The Centers for Disease Control and Prevention (CDC) on Nov. 6 released its latest annual report on healthcare-associated infections, or HAIs. The 2023 National and State Healthcare-Associated Infections Progress Report tracks six types of infections acquired by patients in general acute-care hospitals, critical access hospitals, inpatient rehabilitation facilities and long-term acute care hospitals. Nearly 4,000 acute-care hospitals reported data to the CDC.

This year’s report said the “direction” of five of the six infections at acute-care hospitals is down, while the “direction” of one is up. What does that mean? It means the ratio of observed infections to predicted infections in 2023 was lower (or higher) than the ratio of observed infections to predicted infections in 2022.

It was lower last year for:

  • Central line-associated bloodstream infections (CLABSI) — a 15% drop in the ratio.
  • Catheter-associated urinary tract infections (CAUTI) — an 11% drop in the ratio.
  • Ventilator-associated events (VAE) — a 5% drop in the ratio.
  • Hospital-onset methicillin-resistant Staphylococcus aureus (MRSA) — a 16% drop in the ratio.
  • Hospital-onset Clostridioides difficile (CDI) — a 13% drop in the ratio.
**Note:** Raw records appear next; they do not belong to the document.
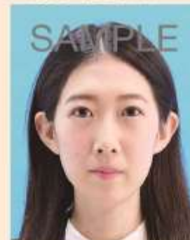
変形やマスクなどの画像処理をほどこしたもの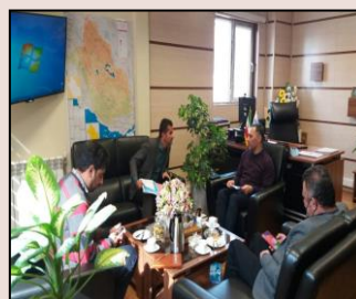
دیدار با اعضای شورای بخش سیمکان شهرستان جهرم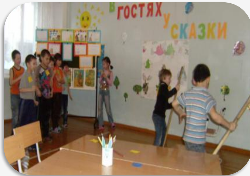
«Гонки» на швабрах

It was higher last year for:

  • Surgical site infections (SSI) — a 3% increase in the ratio.

The healthcare trade press and the mainstream media hailed the drop in five of the six infection ratios. Here’s a sample of some of the headlines:

  • “Hospital infection rates dropped in 2023”
  • “U.S. hospitals saw declines in healthcare-associated infections last year”
  • “CDC report shows decreases in certain healthcare-associated infections in 2023”

The report is good news. In short, the chances of getting an infection in the hospital were lower than expected last year than they were in 2022. It’s good news for statisticians, health services researchers, public health agencies and infection control people. But is it good news for hospitalized patients?

I added up the observed, or actual, number of infections each year for the six types of infections that the CDC used to make its ratio calculations for acute-care hospitals.

  • In 2022, there were a total of 143,142 infections.
  • In 2023, there were a total of 124,385 infections.
  • That’s a 13.1% reduction in actual infections last year.

That’s great news for the 18,757 patients who the CDC expected to get an infection in the hospital last year but didn’t. It doesn’t mean much to the 124,387 patients who the CDC expected to get an infection and did. They got sicker, stayed in the hospital longer or died.

I guess good patient safety news is relative.

Thanks for reading.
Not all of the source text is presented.